(EXCERPTED DATA Opens)
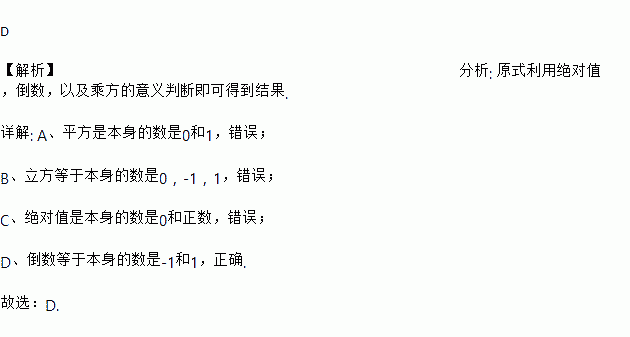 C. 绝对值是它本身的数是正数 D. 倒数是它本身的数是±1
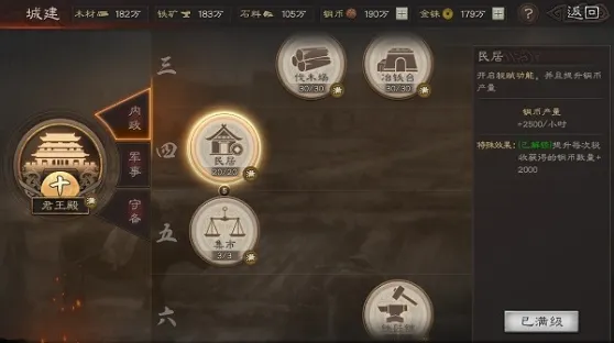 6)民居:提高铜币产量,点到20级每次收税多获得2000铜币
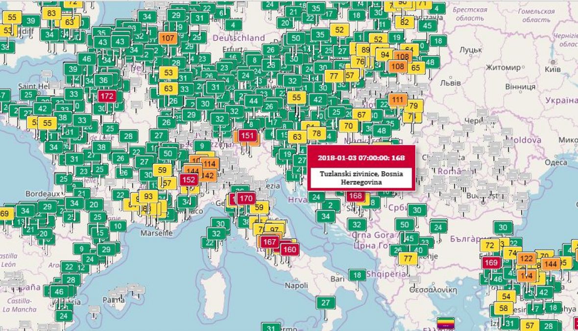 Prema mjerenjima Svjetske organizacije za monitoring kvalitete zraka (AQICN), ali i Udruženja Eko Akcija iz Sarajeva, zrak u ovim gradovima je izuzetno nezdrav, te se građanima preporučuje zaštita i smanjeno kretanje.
(EXCERPTED DATA Closes)
(EXCERPTED DATA Opens)
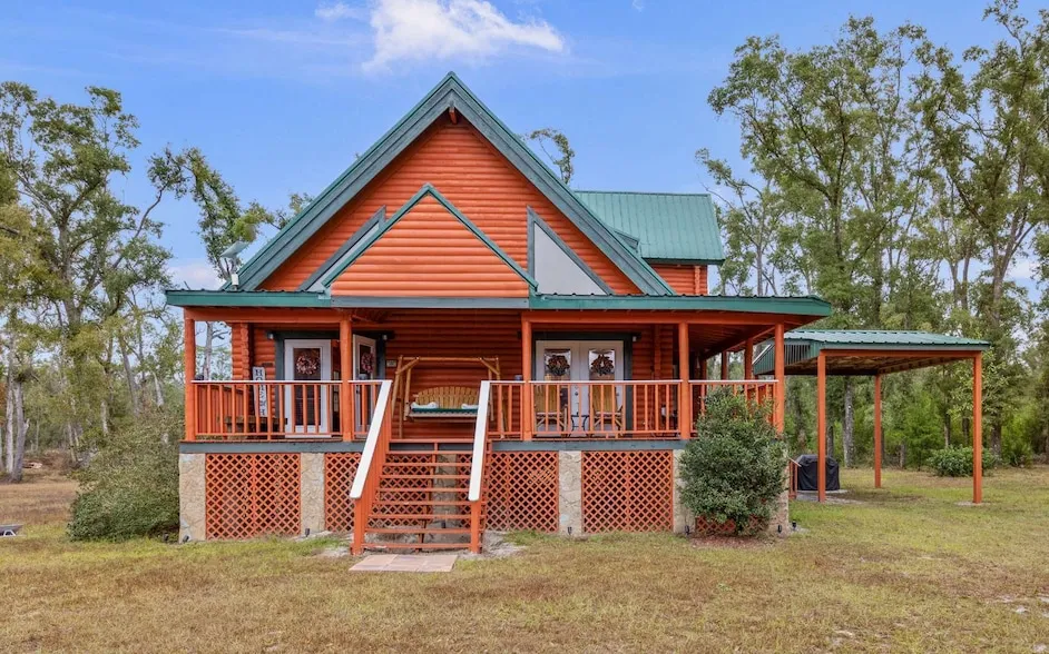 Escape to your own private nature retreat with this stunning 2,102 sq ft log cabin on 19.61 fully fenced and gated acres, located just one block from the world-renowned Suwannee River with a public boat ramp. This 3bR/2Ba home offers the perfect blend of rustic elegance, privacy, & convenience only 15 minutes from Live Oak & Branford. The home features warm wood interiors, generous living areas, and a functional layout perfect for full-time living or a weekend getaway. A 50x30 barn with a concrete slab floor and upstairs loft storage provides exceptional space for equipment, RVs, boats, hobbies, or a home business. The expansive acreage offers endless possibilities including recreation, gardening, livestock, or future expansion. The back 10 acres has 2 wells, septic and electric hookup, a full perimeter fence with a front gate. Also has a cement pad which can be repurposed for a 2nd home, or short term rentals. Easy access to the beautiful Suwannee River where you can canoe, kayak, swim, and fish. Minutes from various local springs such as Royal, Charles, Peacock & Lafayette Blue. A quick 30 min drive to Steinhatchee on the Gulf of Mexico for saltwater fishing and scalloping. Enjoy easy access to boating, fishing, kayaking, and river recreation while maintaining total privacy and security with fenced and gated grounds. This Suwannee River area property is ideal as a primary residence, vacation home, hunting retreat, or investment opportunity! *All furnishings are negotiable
(EXCERPTED DATA Closes)
Your answer should consist of the lines above between those holding "C. 绝对值是它本身的数是正数 D. 倒数是它本身的数是±1" and "Prema mjerenjima Svjetske", inclusive, reproduced word for word and without pictures.

• [ANSWER SECTION]:
 C. 绝对值是它本身的数是正数 D. 倒数是它本身的数是±1
 6)民居:提高铜币产量,点到20级每次收税多获得2000铜币
 Prema mjerenjima Svjetske organizacije za monitoring kvalitete zraka (AQICN), ali i Udruženja Eko Akcija iz Sarajeva, zrak u ovim gradovima je izuzetno nezdrav, te se građanima preporučuje zaštita i smanjeno kretanje.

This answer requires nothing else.